Questo periodo così turbolento e gravido di tragicità sta suscitando in tutti noi non pochi turbamenti ed emozioni contrastanti. Ma questo, quanto meno, ci sta finalmente portando a porci delle domande che altrimenti non ci saremmo mai fatti. Che cosa è per davvero il terrorismo di matrice islamica?
Chi c’è realmente dietro di esso?
Si tratta veramente di fanatismo religioso oppure vi è qualcuno che, agendo nell’ombra, lo strumentalizza per fini inconfessabili?
L’Unione Europea è ancora credibile e difendibile?
È stata realmente essa ad averci portato la pace e la prosperità dopo la fine della seconda guerra mondiale?
È oggi così indispensabile proseguire nell’integrazione europea?
È sul serio necessario che gli stati nazionali, perdendo la propria sovranità, confluiscano negli Stati Uniti d’Europa?
Siamo sicuri che tutto ciò sia imprescindibile per il prosieguo della pace?
Eppure oggi i più ferventi politici europeisti ci stanno dicendo esattamente il contrario! Che dobbiamo prepararci alla guerra! Lo dobbiamo fare per difendere i nostri valori messi in pericolo da Putin, il boia.
Ed Israele? Siamo realmente tenuti a prendere le difese dell’unica democrazia in Medio Oriente solo si spaccia per una democrazia?

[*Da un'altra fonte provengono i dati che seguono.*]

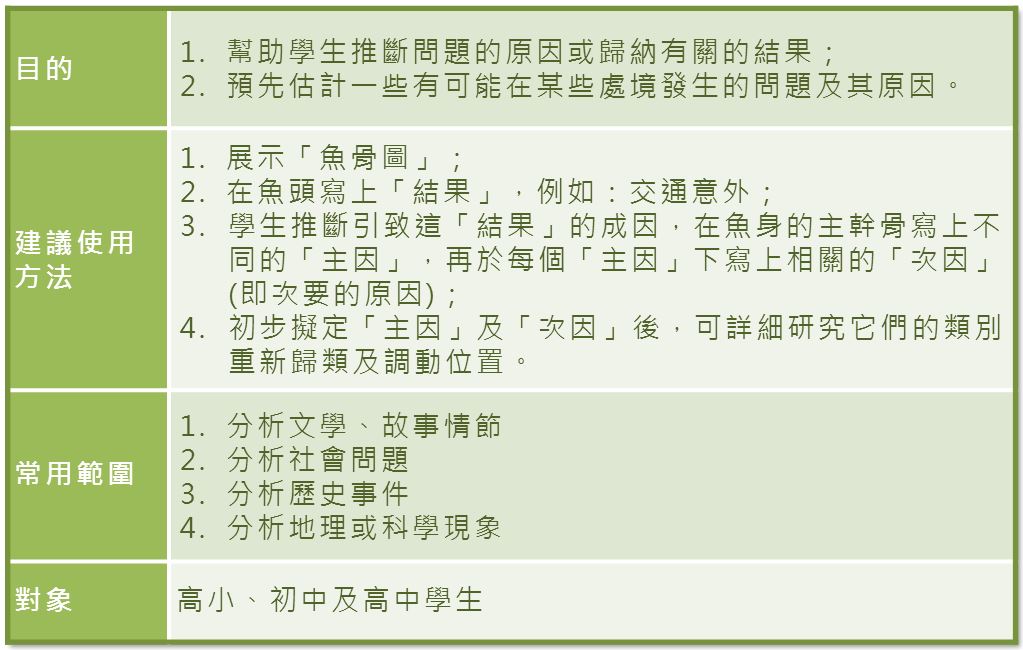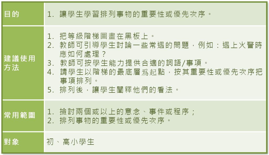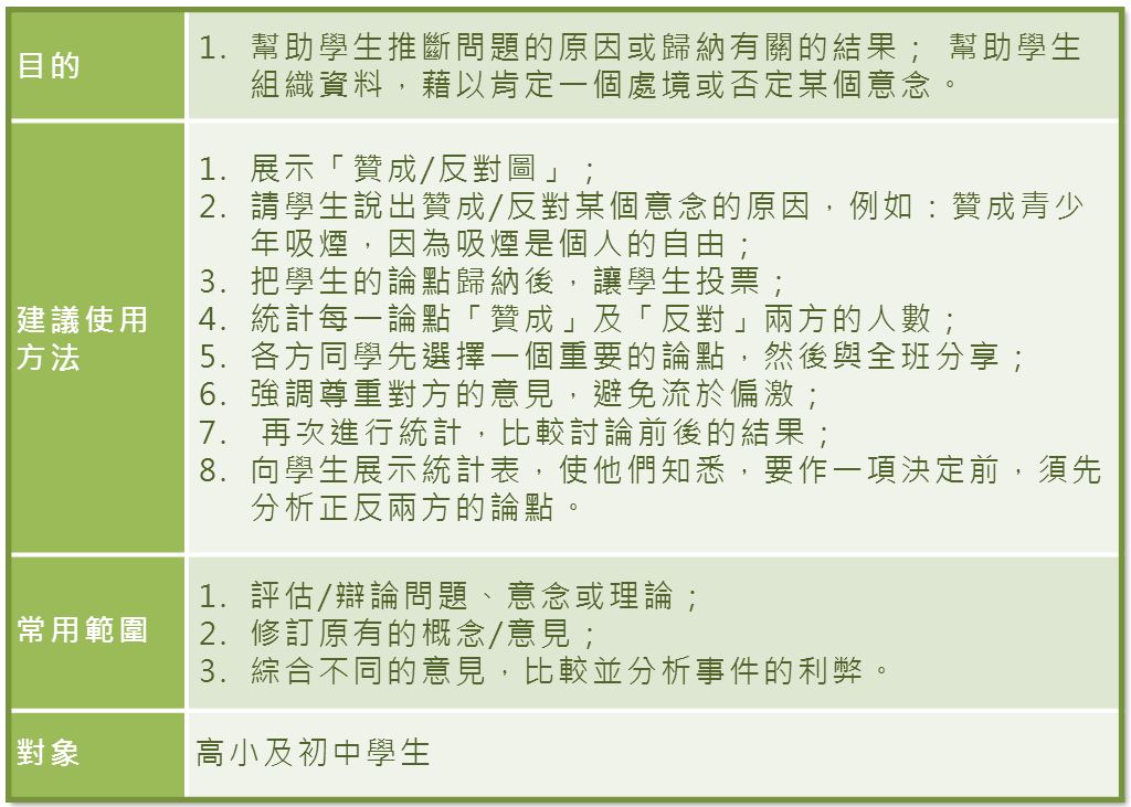 - 無論任何年齡的學生,教師都可在不同的學習層面,例如,透過課堂活動或討論,訓練他們的思想技巧。

Ma non sta agendo come tale! Non rispetta i diritti dei palestinesi. Anzi, li sta proprio massacrando! E per di più lo fa in una maniera tale che loro stessi sembrano nazisti!
Come è possibile? Loro che così tanto hanno sofferto, perché non capiscono quanto a loro volta stiano facendo male ad altri? Dovrebbero essere i primi a rigettare una tale malvagità. Perché? Perché noi dobbiamo portare i sensi di colpa per tutto ciò che è loro capitato quando sono essi stessi i primi a non provarne per ciò che oggi stanno facendo? Che senso ha tutto questo?
E la democrazia? Può una democrazia provocare simili atrocità?
Può una democrazia essere considerata la più perfetta forma di governo quando consente queste bestialità?
Perché i nostri governanti, che ci spronano a difendere anche a costo di una guerra, i nostri cosiddetti valori democratici, tacciono di fronte a tutto questo?
Perché ignorano le disperate richieste d’aiuto che provengono da terre tanto martoriate?
Ma poi, perché dobbiamo andare in guerra contro la Russia?
Come è possibile che ci venga presentato come necessario lo scontro con la Russia quando nessuno tra di noi, se non qualche decerebrato, la percepisce come una minaccia?
Ma non conta nulla la tanto sbandierata volontà popolare? Dove è finita?
A cosa serve votare se chiunque poi salga al potere non fa mai quello che il popolo vuole?
Ma a che cosa si è ridotta in definitiva la democrazia?
Può essere ancora chiamata tale quella in cui noi viviamo?